Applying Seasonal Adjustments to Housing Markets

William M. Doerner
Federal Housing Finance Agency

Wenzhen Lin
Syracuse University

The analysis and conclusions are those of the authors alone and should not be represented or interpreted as conveying an official position, policy, analysis, opinion, or endorsement of either the Federal Housing Finance Agency or the U.S. government. Any errors or omissions are the sole responsibility of the authors.


House price seasonality has been increasing over the last decade, but adjustments have remained largely unchanged in commonly used public data. This report shows how seasonal adjustments work—both theoretically and applied to observed transactions—when constructing house price indices (HPIs). In this report, the authors find the seasonality in the housing market is not uniform across geographies.
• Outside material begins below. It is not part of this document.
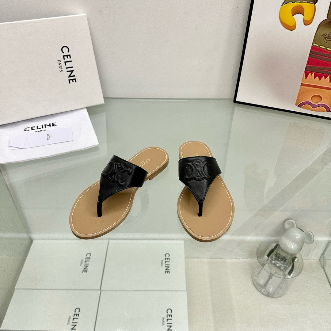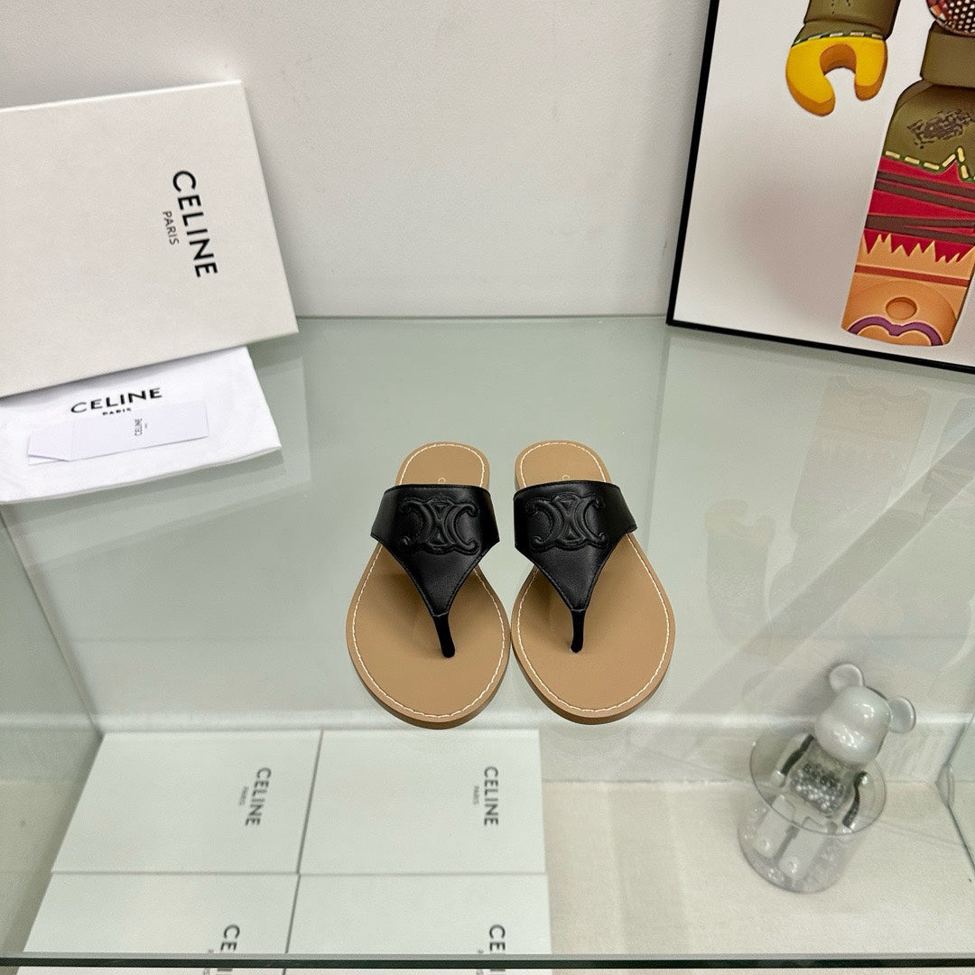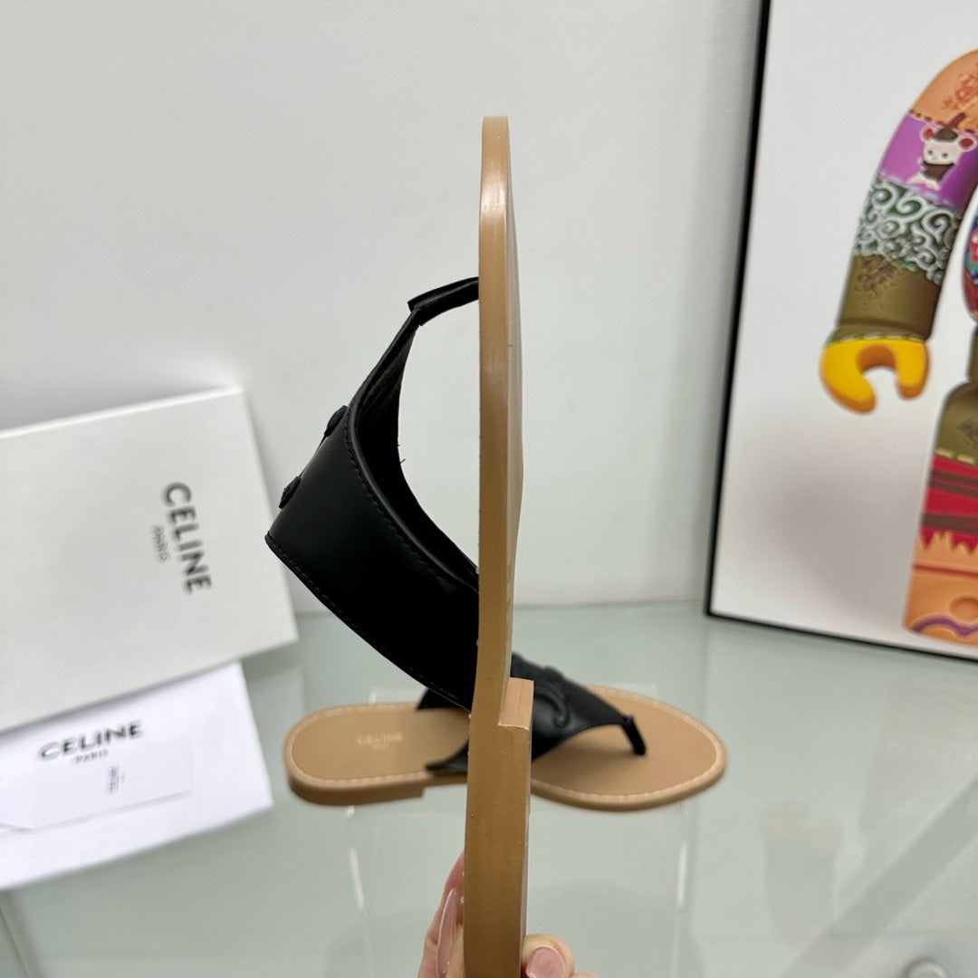 WOMEN TRIOMPHE FLAT THONG IN CALFSKIN BLACK

Evidence is provided about where adjustments are more necessary, how often they should be recalculated, and how the weather-related variables, social, and industry characteristics impact differences between adjusted and non-adjusted HPIs.

Using the Federal Housing Finance Agency’s (FHFA’s) entire suite of public indices, the authors update adjustments provided by FHFA and offer new adjustments for more than 400 metropolitan areas and other geographies, which haven’t been provided before. They find the difference between previous and updated adjusted indices are relatively small, with slight improvement in recent years.